Он ждал потом мать на углу, десятилетний, с сухо распухшими от рева губами и глазами, когда она — шесть часов вечера, а потом семь… — все не шла после занятий из своего мелиоративного техникума, и вот наконец показалась на углу со стопками тетрадей в авоське и в руках.
«Мы не возьмем у него алиментов, мы ведь не возьмем!…»
Она без выражения сказала:
«…В магазин сходи. Сдачу пересчитаешь два раза…» — Перечислила, что купить: крупы, масла, соли.
Сережка знал из разговоров в очередях и на улице, что детей нигде не обманывают. И еще — неизвестно откуда, из чувства не вспугнутого пока доверия и добра — знал, что, наверное, и никого не обсчитывают, а только сбиваются второпях. Ведь вон же как много народу в их «жданчике» у пухлой, белой-белой продавщицы Ани, с густо накрашенными, в крупинках нерастертой помады губами — так что губы у нее слипались отвечать на вопросы покупателей и улыбаться… И понятно же — как ей некогда: даже больше, наверное, чем матери, которая, хоть и опаздывает в техникум, но все-таки всегда поводит по накрашенным губам мизинцем, а потом ототрет его платком. И Сергей обиделся за Аню. Но поразило его — как кромешная и неотступная беда, — что мать не ответила ему, насквозь несчастному, с прыгающими губами Сережику, и, значит, они будут брать эти деньги!
Он бежал в магазин мимо заборов и окон с каким-то жгучим чувством родства и их общей, не искупимой теперь ничем обиженности и оскорбленности — его и кровавогубой пышной продавщицы, и знал, что если б это узнала она, то отвесила б ему всех конфет, или нет, отсыпала бы их ему за пазуху без весу и без денег: потому что ей и ему — им неважны деньги!.. Пухлая Аня не заметила ничего и взвесила ему крупу скоро-небрежно и сунула сдачу — липкими рублевками и мелочью, а могла бы одним целым трояком, чтобы ему не зажимать их в кулаке, а сунуть под пилотку.
…Он узнал сегодня от Полины, что мать тогда действительно надолго отказалась от отцовых денег. И наверное, сказала ему потом об этом и приласкала Сережика после магазина. Хоть он и не помнит этого сейчас, а помнит улицу…
Наверное, она успокоила Сережу, сказала, что вот и она сама так решила, и проживут они. И купят ему велосипед! Емцов помнит, что вскоре после этого у него появился новенький никелевый ЗИФ, тяжеловатый для него тогда, купленный навырост. Сережа путался в педалях и то и дело заезжал колесом в штакетник ограды или в стеколки на дороге, и мать хмурилась и вела ЗИФ через дом, к соседу Никонову. Он клеил камеры, и выправлял спицы, и дотошно расспрашивал мать: как учится в их техникуме его старший, Игорёха. Но Игорь Никонов учился хорошо, получал стипендию, и это вроде бы не слишком обязывало мать.

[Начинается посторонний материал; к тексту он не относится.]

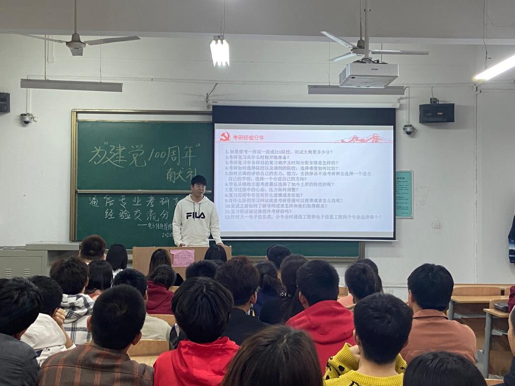 为庆祝建党百年这一历史时刻,为扎实推进党史学习教育,切实落实支部“五个一”献礼行动之做一件好事,近日,在临潼校区A-122,伟德国际1946源于英国员工第二党支部开展了主题为“向优秀取经 庆建党百年”通信专业考研求职交流活动。支部党员、入党积极分子及部分已递交入党申书的共青团员共同参加。
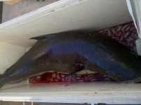 This is my girl with a 61 caught last monday the 5th. and the shot of the one in the cooler was a 75lb caught this past sunday. Its getting old standing on the top of the console on my duck boat.
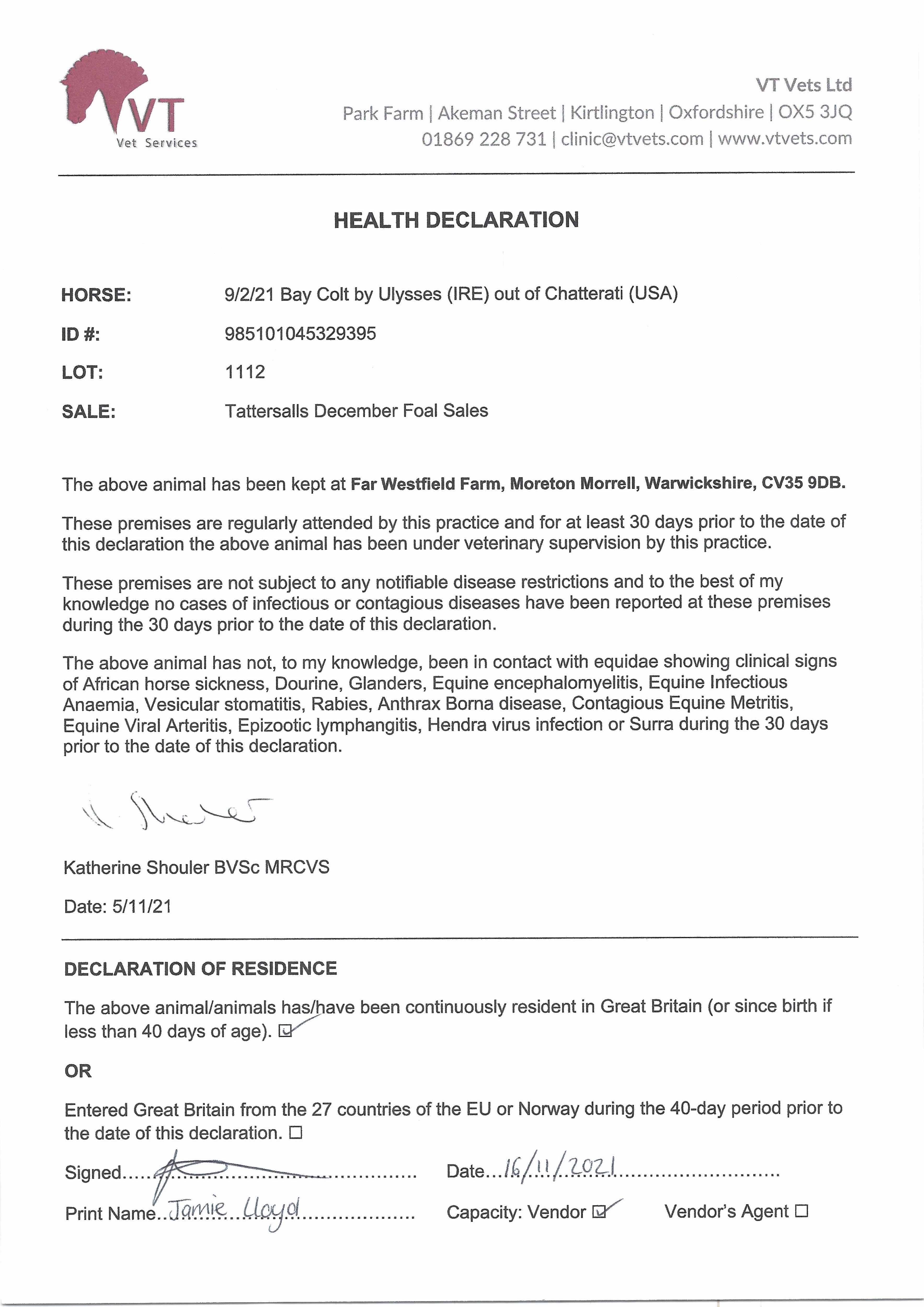 December Foal Sale 2019 lot 617 C. 2019, Voute Sales Ltd. (Agent)=>Flaxman Stables Ireland 55,000 gns

Должно быть, она совершенно успокоила его тогда. Но память сохранила боль и страх их отчуждения в том разговоре на улице, а то, что она сейчас удержала бы прежде всего — ласку, и жалость, и понимание, оказалось, их общей беды, — упустила…
Кто знает, почему это так. Возможно, в человеке смалу заложено сознание светлого — как нормы, как единственно должного, которое к чему особо и замечать. И самая ранняя память удерживает исключения… Какую-нибудь в слезном ужасе разбитую чашку. Валенки в оттепель. В углу отстоять ни за что… Или понять вдруг, что взрослые обманывают! Это потом память становится ровнее и грустно-справедливее. Взрослеет до понимания условий и обстоятельств и устает до терпеливой забывчивости на главное и цепкости к мелочам. Но, возможно, такой она станет снова когда-то, когда человечество дорастет до детства…

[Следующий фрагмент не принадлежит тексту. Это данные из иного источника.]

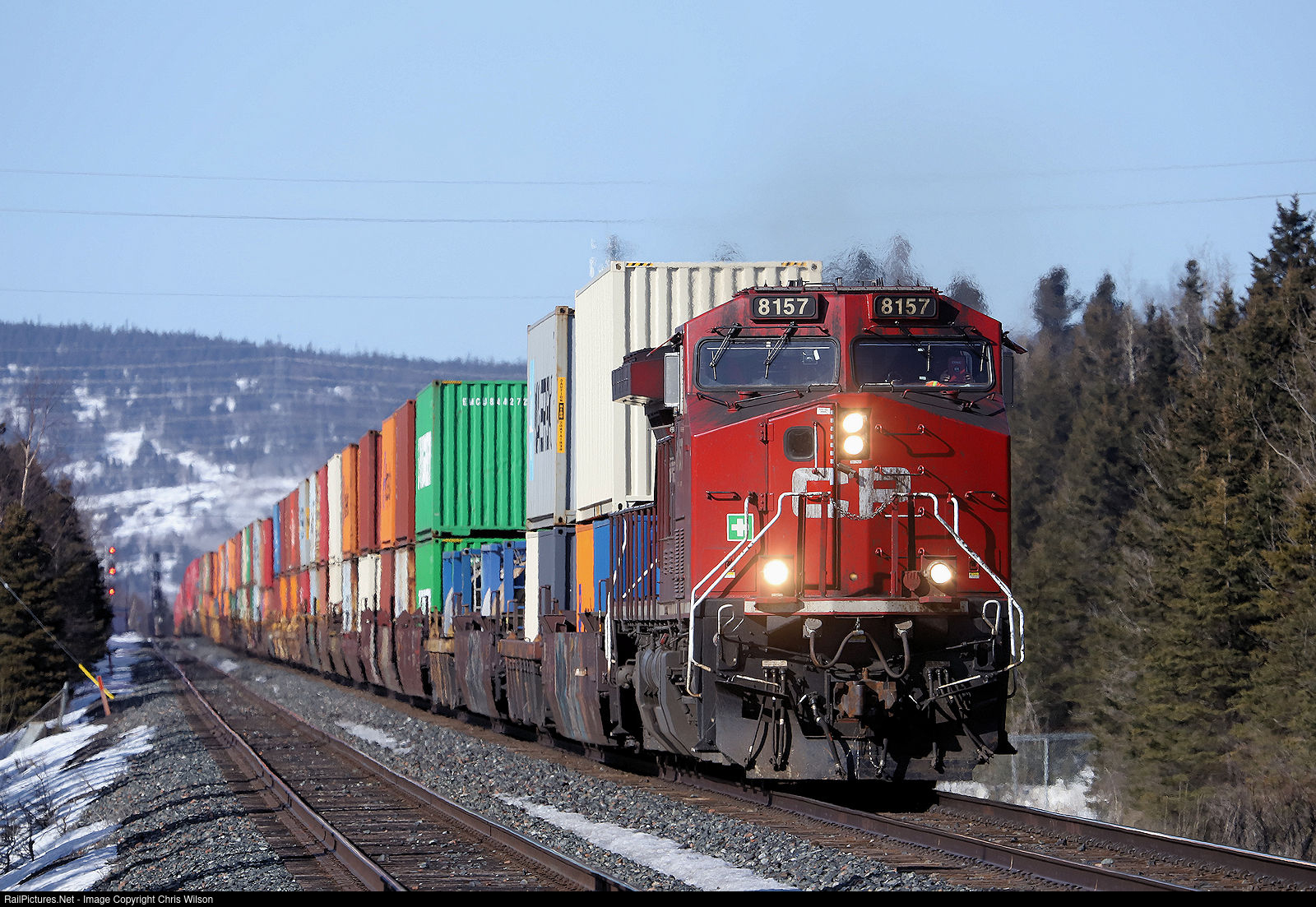 CP AC4400CWM 8157 hauls a stack train down the main track at Marathon

Да, так, конечно, все и было, когда Сережка вернулся из «жданчика». Сейчас он ясно видит это, как если бы все происходило вчера и можно еще что-то изменить и исправить… Но ведь не только же в том разговоре на углу дело. И почему же тогда у них началась эта тягостная житейская муть и подступала порой почти дуэльная ясность противостояния?

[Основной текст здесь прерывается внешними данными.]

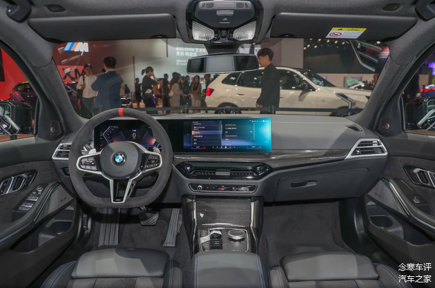 内饰部分,330Li高配车型给了碳纤维饰条和水晶组件。好看吗?好看。
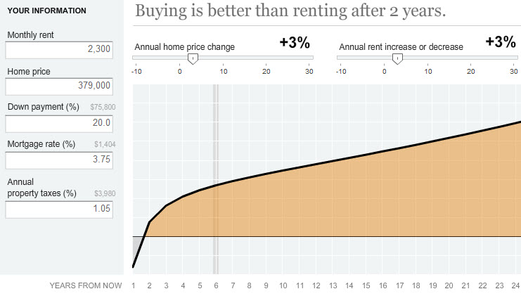$1441 + $495+$333= $2269 per month to buy vs. $2300 per month to rent

Дальше он видит себя лет двенадцати, голенастым шестиклассником в коротком пиджачке и седоватых школьных с морщинистыми пузырями на коленях брюках. А мать — ей что-нибудь тридцать восемь, она кудрявая, с усталыми натеками век, но красивая. Ей говорят у колонки: «Тьфу, тьфу. Цветете, Ниночка! Да и чего ж! Сын вон ухоженный, жених уже». Это было верно, но колко — что «жених»… Но говорилось женщинами, в общем, без задней мысли, а так, что вот радость все ж таки, от нее тоже вроде цвесть можно. Удивлялись на улице, что Емцова одна.